* PROBLEM TO SOLVE
Retype the listing exactly, minus its pictures.

* MATERIAL FOR THIS TASK
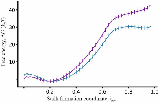 We also measured the free energy barrier for bilayer–bilayer and bilayer–monolayer stalk formation utilizing molecular dynamics simulations. To this end, we used umbrella sampling to calculate the dependence of the system energy ΔG on the reaction coordinate ξch in both cases. The results of these calculations are depicted in Figure 6.
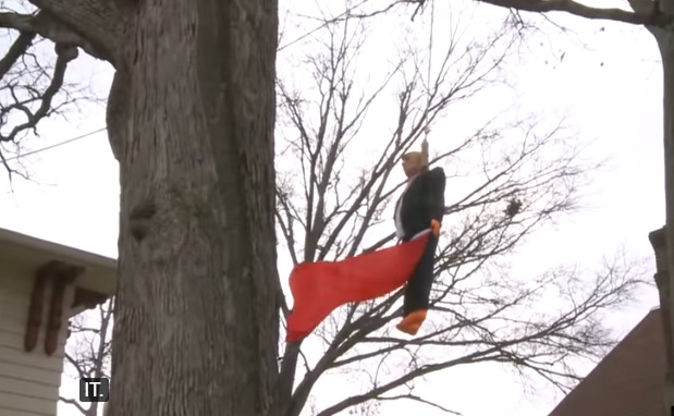 Prema nekim izvještajima, lutku je „popeo“ američki veteran, ali on je odbio da razgovara sa medijima. Mještani kažu da se lutka pojavila ubrzo nakon inauguracije novog američkog predsjednika.
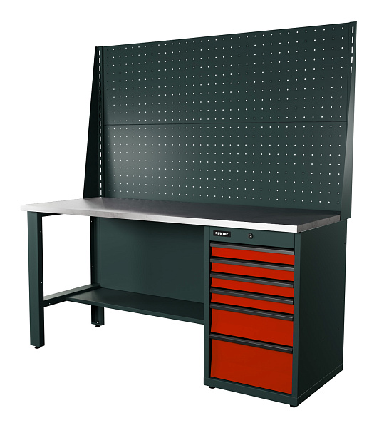 Верстак серии Industrial, 1700 мм, оцинк, тумба с 6-ю ящиками, экран 1000, красный RAL 3020
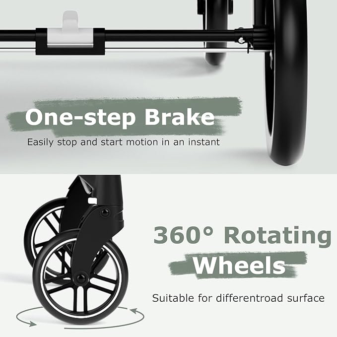 - 360 DEGREE ROTATE FRONT WHEELS & LOCKABLE REAR WHEELS: We use shock absorbing design for our baby stroller’s wheel to provide your baby a smooth ride over all types of everyday terrain. The front wheels can rotate 360 degree for you to adjust the direction easily and the buttons on the front wheels are design for fixed orientation if necessary. And the rear wheels of our stroller are lockable that you can rapidly control it with the foot-activated brake.
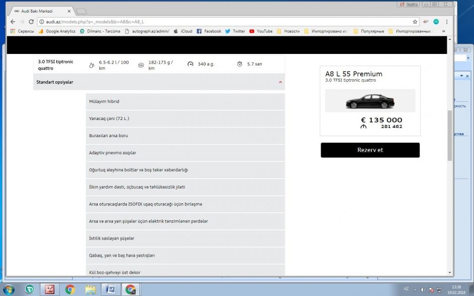 Burada modelin həm standart, həm də əlavə avadanlığı ilə tanış ola bilərsiniz. Texniki göstəricilər də öz yerində - mühərrikin gücü, sərfiyyatı və dinamik xüsusiyyətləri ilə də tanış ola biləcəksiniz. Elə bilməyin ki, bu yalnız Audi A8 modelinə şamil edilir. Əsla!
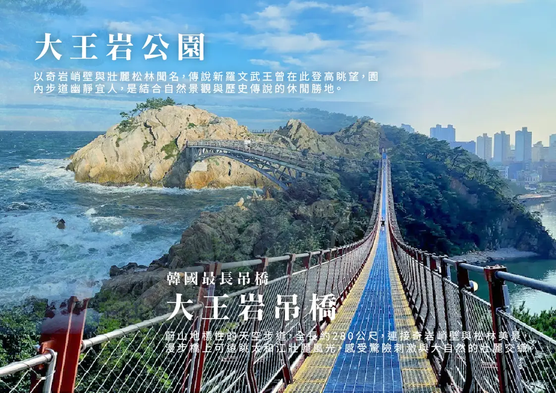 【大王岩公園】在大王岩公園流傳著神祕的護國龍傳說。達成韓半島三國統一偉業的新羅文武大王,曾留下遺言表示希望葬於東海,成為護國神龍守護國家,因此有了慶州文武大王陵。據說在王之後離世的王妃,也希望像丈夫一樣成為守護東海的護國龍,因此葬於蔚山,成為岩石長眠於此。除了大王岩之外,這裡還有許多長相奇特的岩石。放眼望去,可以看到因模樣差點被破壞的男根岩,還有襯帽岩、位於海岸附近的岩島、處女峰等。
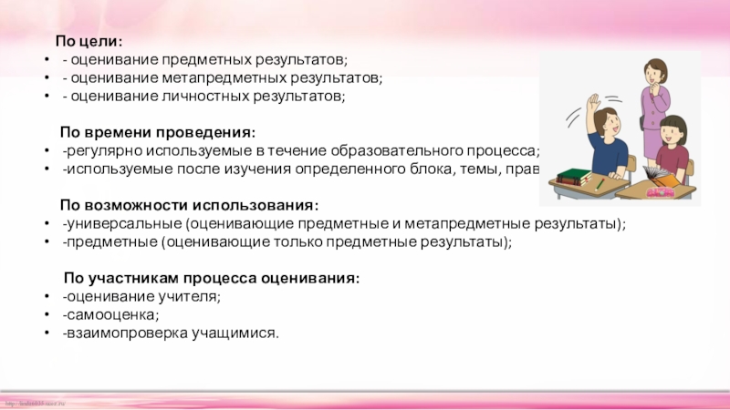 3) Включающая самого ученика в процесс оценивания (с целью повышения мотивации и самостоятельности учащегося);
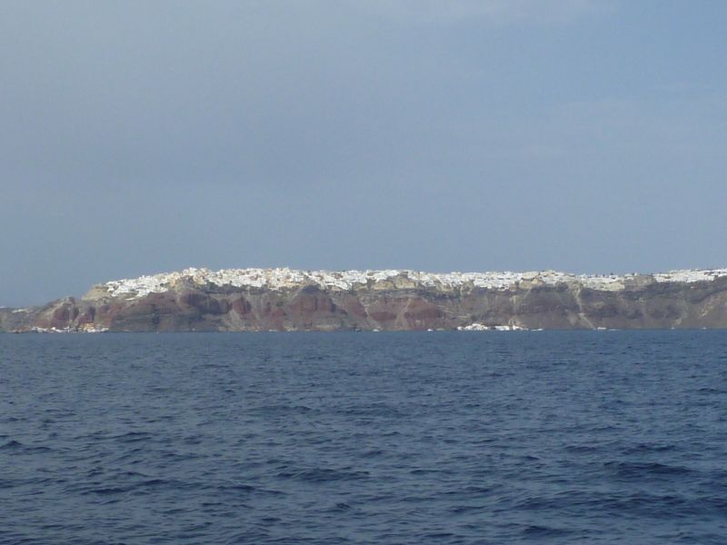 Mit Hilfe eines kooperativen Äolus geht es am nächsten Tag Richtung Thira, besser unter dem Namen Santorin bekannt, das nach einigen Theorien der Ursprung für die Atlantis-Legende sein soll. Am Nachmittag laufen wir in die Caldera des seinerzeit explodierten Vulkans ein.
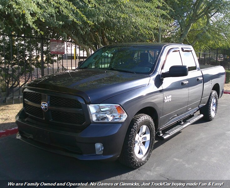 WOW-Check out this LOW Mile 2017 RAM 1500 Express Truck in Maximum Steel Metallic! One Owner RAM w/ ONLY 52K Miles! Clean Carfax! Well Maintained and Serviced RAM Truck! Super Clean Inside and Out! Financing options available for all types of credit! Deal with some of the best banks in the Auto Industry! Trades Always Welcomed! We also offer up a great variety of warranties to fit your car needs and keep you protected. Want to be pre-approved before you head down? Easy online credit apps and complete inventory with additional pictures can be viewed at www.goodcaraz.com if you want to shop from home or just give us call (480) 890-5752. We are Family Owned and Operated. Never any games or gimmicks, just car & truck buying made easy and fun. Come on down and check us out.
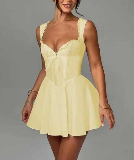 • RedPeony Vintage Dresses Women Trendy High Waist SleevelessV-neck Skirt Lace up Slim Fit Party Dress Sexy Mini Dress for Women
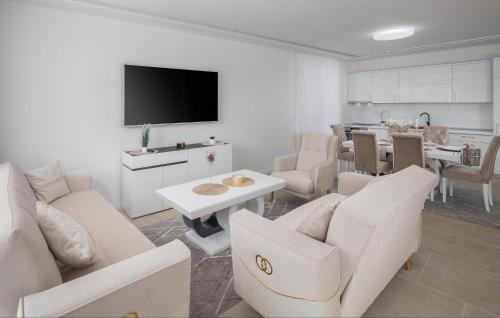 Nice Home In Vrvari With Wifi is located in Poreč, just 20 miles from Aquapark Istralandia and 24 miles from Cathedral St. Eufemia Rovinj. The property is around 2.4 miles from The Euphrasian Basilica, 2.4 miles from Poreč Main Square, and 3.1 miles from Aquacolors Water Park Poreč. The air-conditioned vacation home consists of 3 bedrooms, a living room, a fully equipped kitchen with a dishwasher and a coffee machine, and 3 bathrooms with a shower and a hair dryer. Featuring free private parking, this 5-star vacation home also features free Wifi. The property has an outdoor dining area. Guests can enjoy the outdoor swimming pool at the vacation home. Pula Airport is 32 miles from the property.
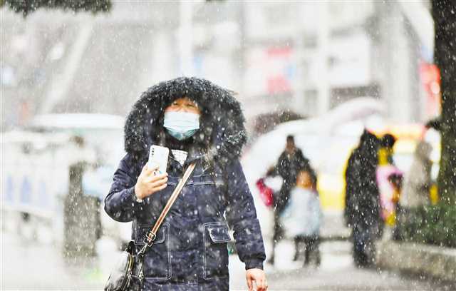 2月22日,酉陽(yáng)普降大雪,市民冒雪出行。特約攝影 陳碧生/視覺(jué)重慶
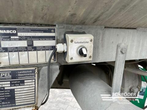 Bereifung (v): 710/50 R26.5 BKT RIDE MAX, Bereifung (h): 710/50 R26.5 BKT RIDE MAX, Zwangs-Deichsellenkung (K50) ________ Fahrwerk: Luftfederung, Hersteller Vakuumpumpe: Hertell 14.000 L/min, Beschleuniger, Bedienkassette, Andockarm, Andocktrichter hinten oben, Andocktrichter hinten links unten, Hinweis: Gebrauchtmaschinen verkaufen wir ausschließlich an Gewerbetreibende und ohne Garantie, Preis gilt für vorhandenen Zustand. Angebot freibleibend. Irrtümer und Zwischenverkauf vorbehalten.
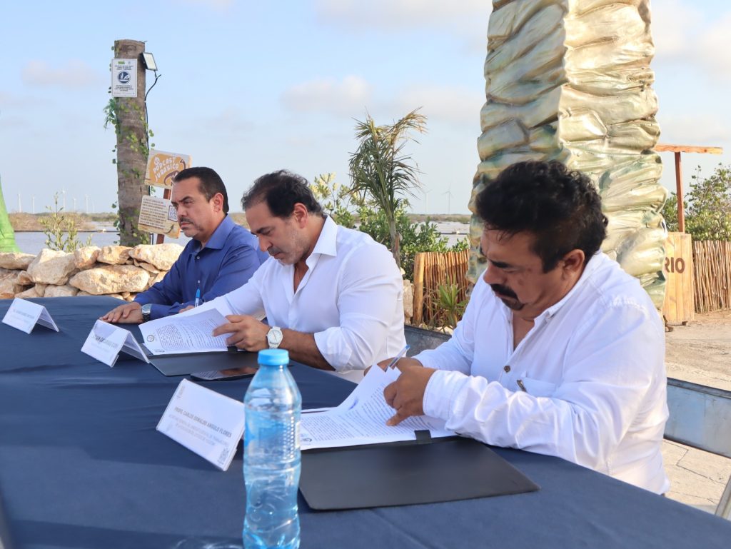 Progreso, Yucatán a 6 de mayo de 2023. Con el propósito de que cada vez más personas puedan visitar Sendero Jurásico y disfrutar sus grandes atractivos, el alcalde de Progreso Julián Zacarías Curi firmó un convenio de colaboración con el Sindicato Estatal de los Trabajadores de la Educación de Yucatán (SETEY).
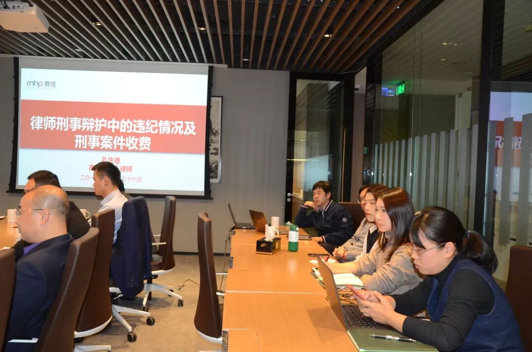 2019年11月26日,君悦所风险控制委员会联合刑事专业委员会,成功举办第一期刑事沙龙,本次沙龙活动的主题是“律师执业中的刑事法律风险”,参加本次沙龙的人员包括君悦所刑委会全体委员及事务所其他律师,由君悦所高级合伙人、刑委会副主任、金融委副主任罗根达律师主持。
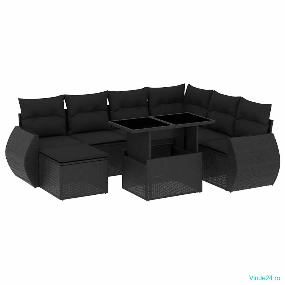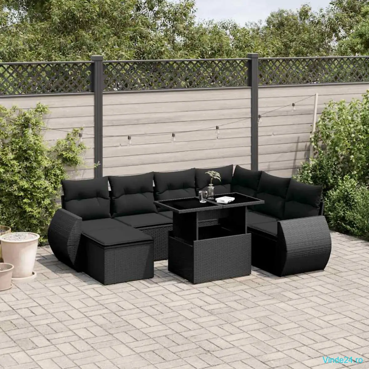 vidaXL Set mobilier de grădină cu perne, 8 piese, negru, poliratan
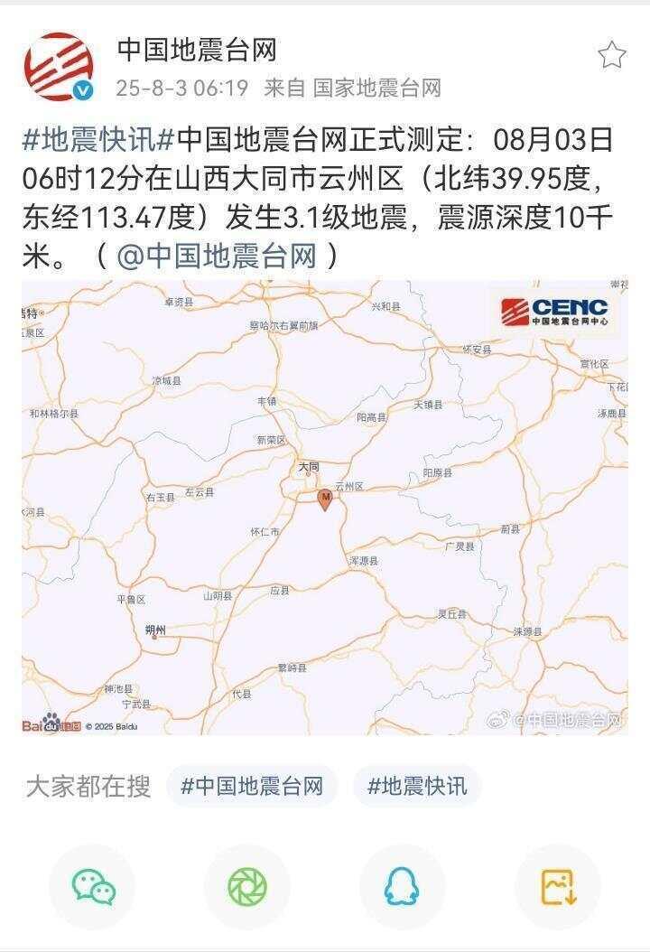 8月4日,记者致电山西省地震局咨询相关情况,一名工作人员表示,此次大同地震属于天然地震,有轻微震感,暂无人员伤亡报告,大同地区历史上曾发生过地震。
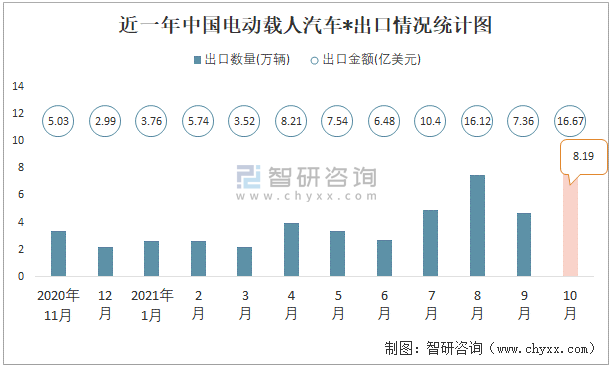 近一年中國電動載人汽車出口情況統計圖
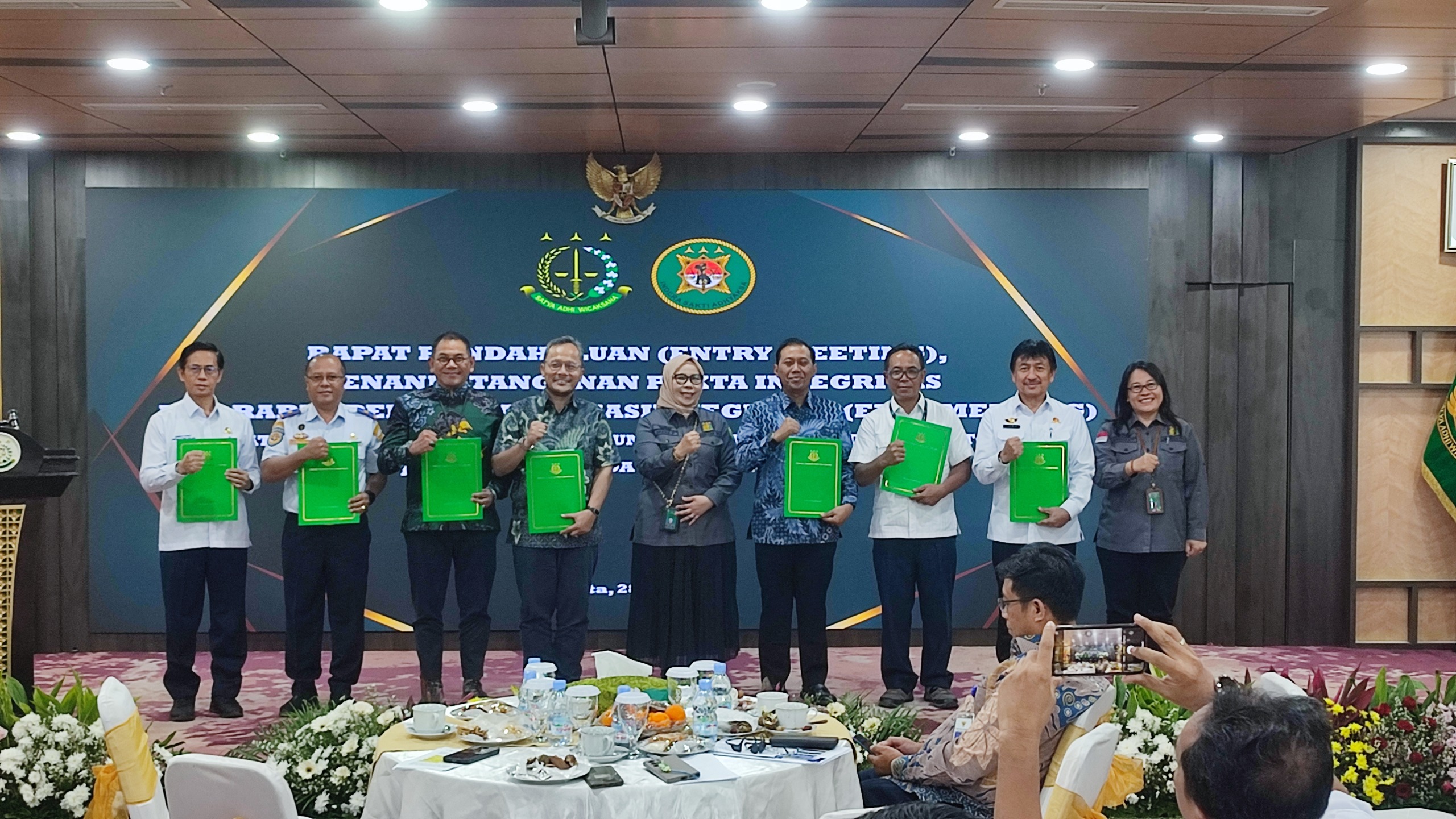 (DK) –  Kejaksaan Agung melalui Direktorat Pengamanan Pembangunan Strategis (Direktorat IV) pada Jaksa Agung Muda Bidang Intelijen (JAM INTEL) melaksanakan kegiatan Rapat Pendahuluan (Entry Meeting) dan Penandatanganan Pakta Integritas serta Penyampaian Hasil Kegiatan (Exit Meeting) pada Rabu 28 Mei 2025 di Gedung Utama Kejaksaan Agung, Jakarta.
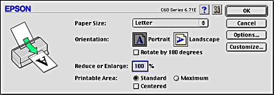 In the Page Setup dialog box, you can change the paper size, specify the paper orientation, rotate your document by 180 degrees, reduce or enlarge your printout, and adjust the printable area.
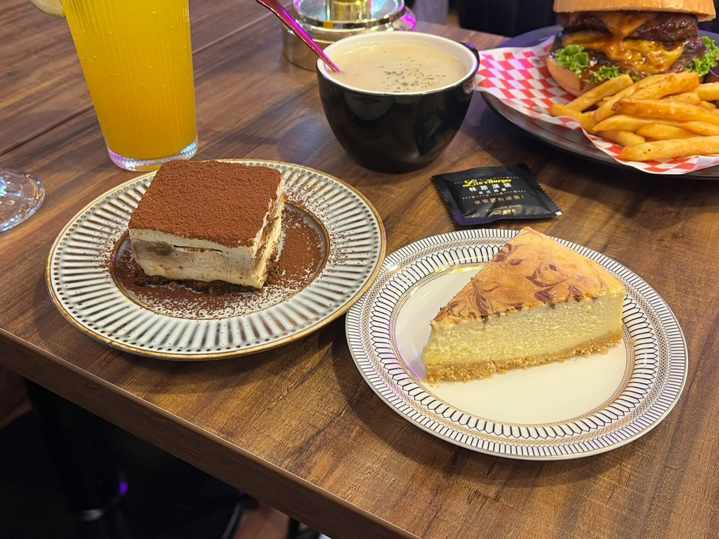 不只主餐好吃,甜點、飲品也相當出色,甜而不膩的可可奶昔、爽口清涼芒果氣泡飲、帶點滑順慕斯口感的提拉米蘇、非常漂亮的人氣大理石蛋糕,來林斯漢堡吃下午茶也挺適合~
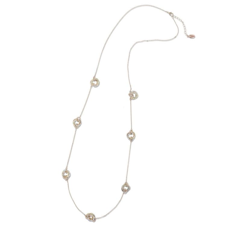 ピンクゴールド、ゴールド、シルバーの3色のリング状のメタルパーツを組み合わせ、クリスタルガラスをあしらうことでさりげない煌めきをプラスしたロングネックレス。シャツ、カットソー、ニットと何にでも合わせやすいデザインです。

* SOLUTION TO THIS TASK
 We also measured the free energy barrier for bilayer–bilayer and bilayer–monolayer stalk formation utilizing molecular dynamics simulations. To this end, we used umbrella sampling to calculate the dependence of the system energy ΔG on the reaction coordinate ξch in both cases. The results of these calculations are depicted in Figure 6.
 Prema nekim izvještajima, lutku je „popeo“ američki veteran, ali on je odbio da razgovara sa medijima. Mještani kažu da se lutka pojavila ubrzo nakon inauguracije novog američkog predsjednika.
 Верстак серии Industrial, 1700 мм, оцинк, тумба с 6-ю ящиками, экран 1000, красный RAL 3020
 - 360 DEGREE ROTATE FRONT WHEELS & LOCKABLE REAR WHEELS: We use shock absorbing design for our baby stroller’s wheel to provide your baby a smooth ride over all types of everyday terrain. The front wheels can rotate 360 degree for you to adjust the direction easily and the buttons on the front wheels are design for fixed orientation if necessary. And the rear wheels of our stroller are lockable that you can rapidly control it with the foot-activated brake.
 Burada modelin həm standart, həm də əlavə avadanlığı ilə tanış ola bilərsiniz. Texniki göstəricilər də öz yerində - mühərrikin gücü, sərfiyyatı və dinamik xüsusiyyətləri ilə də tanış ola biləcəksiniz. Elə bilməyin ki, bu yalnız Audi A8 modelinə şamil edilir. Əsla!
 【大王岩公園】在大王岩公園流傳著神祕的護國龍傳說。達成韓半島三國統一偉業的新羅文武大王,曾留下遺言表示希望葬於東海,成為護國神龍守護國家,因此有了慶州文武大王陵。據說在王之後離世的王妃,也希望像丈夫一樣成為守護東海的護國龍,因此葬於蔚山,成為岩石長眠於此。除了大王岩之外,這裡還有許多長相奇特的岩石。放眼望去,可以看到因模樣差點被破壞的男根岩,還有襯帽岩、位於海岸附近的岩島、處女峰等。
 3) Включающая самого ученика в процесс оценивания (с целью повышения мотивации и самостоятельности учащегося);
 Mit Hilfe eines kooperativen Äolus geht es am nächsten Tag Richtung Thira, besser unter dem Namen Santorin bekannt, das nach einigen Theorien der Ursprung für die Atlantis-Legende sein soll. Am Nachmittag laufen wir in die Caldera des seinerzeit explodierten Vulkans ein.
 WOW-Check out this LOW Mile 2017 RAM 1500 Express Truck in Maximum Steel Metallic! One Owner RAM w/ ONLY 52K Miles! Clean Carfax! Well Maintained and Serviced RAM Truck! Super Clean Inside and Out! Financing options available for all types of credit! Deal with some of the best banks in the Auto Industry! Trades Always Welcomed! We also offer up a great variety of warranties to fit your car needs and keep you protected. Want to be pre-approved before you head down? Easy online credit apps and complete inventory with additional pictures can be viewed at www.goodcaraz.com if you want to shop from home or just give us call (480) 890-5752. We are Family Owned and Operated. Never any games or gimmicks, just car & truck buying made easy and fun. Come on down and check us out.
 • RedPeony Vintage Dresses Women Trendy High Waist SleevelessV-neck Skirt Lace up Slim Fit Party Dress Sexy Mini Dress for Women
 Nice Home In Vrvari With Wifi is located in Poreč, just 20 miles from Aquapark Istralandia and 24 miles from Cathedral St. Eufemia Rovinj. The property is around 2.4 miles from The Euphrasian Basilica, 2.4 miles from Poreč Main Square, and 3.1 miles from Aquacolors Water Park Poreč. The air-conditioned vacation home consists of 3 bedrooms, a living room, a fully equipped kitchen with a dishwasher and a coffee machine, and 3 bathrooms with a shower and a hair dryer. Featuring free private parking, this 5-star vacation home also features free Wifi. The property has an outdoor dining area. Guests can enjoy the outdoor swimming pool at the vacation home. Pula Airport is 32 miles from the property.
 2月22日,酉陽(yáng)普降大雪,市民冒雪出行。特約攝影 陳碧生/視覺(jué)重慶
 Bereifung (v): 710/50 R26.5 BKT RIDE MAX, Bereifung (h): 710/50 R26.5 BKT RIDE MAX, Zwangs-Deichsellenkung (K50) ________ Fahrwerk: Luftfederung, Hersteller Vakuumpumpe: Hertell 14.000 L/min, Beschleuniger, Bedienkassette, Andockarm, Andocktrichter hinten oben, Andocktrichter hinten links unten, Hinweis: Gebrauchtmaschinen verkaufen wir ausschließlich an Gewerbetreibende und ohne Garantie, Preis gilt für vorhandenen Zustand. Angebot freibleibend. Irrtümer und Zwischenverkauf vorbehalten.
 Progreso, Yucatán a 6 de mayo de 2023. Con el propósito de que cada vez más personas puedan visitar Sendero Jurásico y disfrutar sus grandes atractivos, el alcalde de Progreso Julián Zacarías Curi firmó un convenio de colaboración con el Sindicato Estatal de los Trabajadores de la Educación de Yucatán (SETEY).
 2019年11月26日,君悦所风险控制委员会联合刑事专业委员会,成功举办第一期刑事沙龙,本次沙龙活动的主题是“律师执业中的刑事法律风险”,参加本次沙龙的人员包括君悦所刑委会全体委员及事务所其他律师,由君悦所高级合伙人、刑委会副主任、金融委副主任罗根达律师主持。
 vidaXL Set mobilier de grădină cu perne, 8 piese, negru, poliratan
 8月4日,记者致电山西省地震局咨询相关情况,一名工作人员表示,此次大同地震属于天然地震,有轻微震感,暂无人员伤亡报告,大同地区历史上曾发生过地震。
 近一年中國電動載人汽車出口情況統計圖
 (DK) –  Kejaksaan Agung melalui Direktorat Pengamanan Pembangunan Strategis (Direktorat IV) pada Jaksa Agung Muda Bidang Intelijen (JAM INTEL) melaksanakan kegiatan Rapat Pendahuluan (Entry Meeting) dan Penandatanganan Pakta Integritas serta Penyampaian Hasil Kegiatan (Exit Meeting) pada Rabu 28 Mei 2025 di Gedung Utama Kejaksaan Agung, Jakarta.
 In the Page Setup dialog box, you can change the paper size, specify the paper orientation, rotate your document by 180 degrees, reduce or enlarge your printout, and adjust the printable area.
 不只主餐好吃,甜點、飲品也相當出色,甜而不膩的可可奶昔、爽口清涼芒果氣泡飲、帶點滑順慕斯口感的提拉米蘇、非常漂亮的人氣大理石蛋糕,來林斯漢堡吃下午茶也挺適合~
 ピンクゴールド、ゴールド、シルバーの3色のリング状のメタルパーツを組み合わせ、クリスタルガラスをあしらうことでさりげない煌めきをプラスしたロングネックレス。シャツ、カットソー、ニットと何にでも合わせやすいデザインです。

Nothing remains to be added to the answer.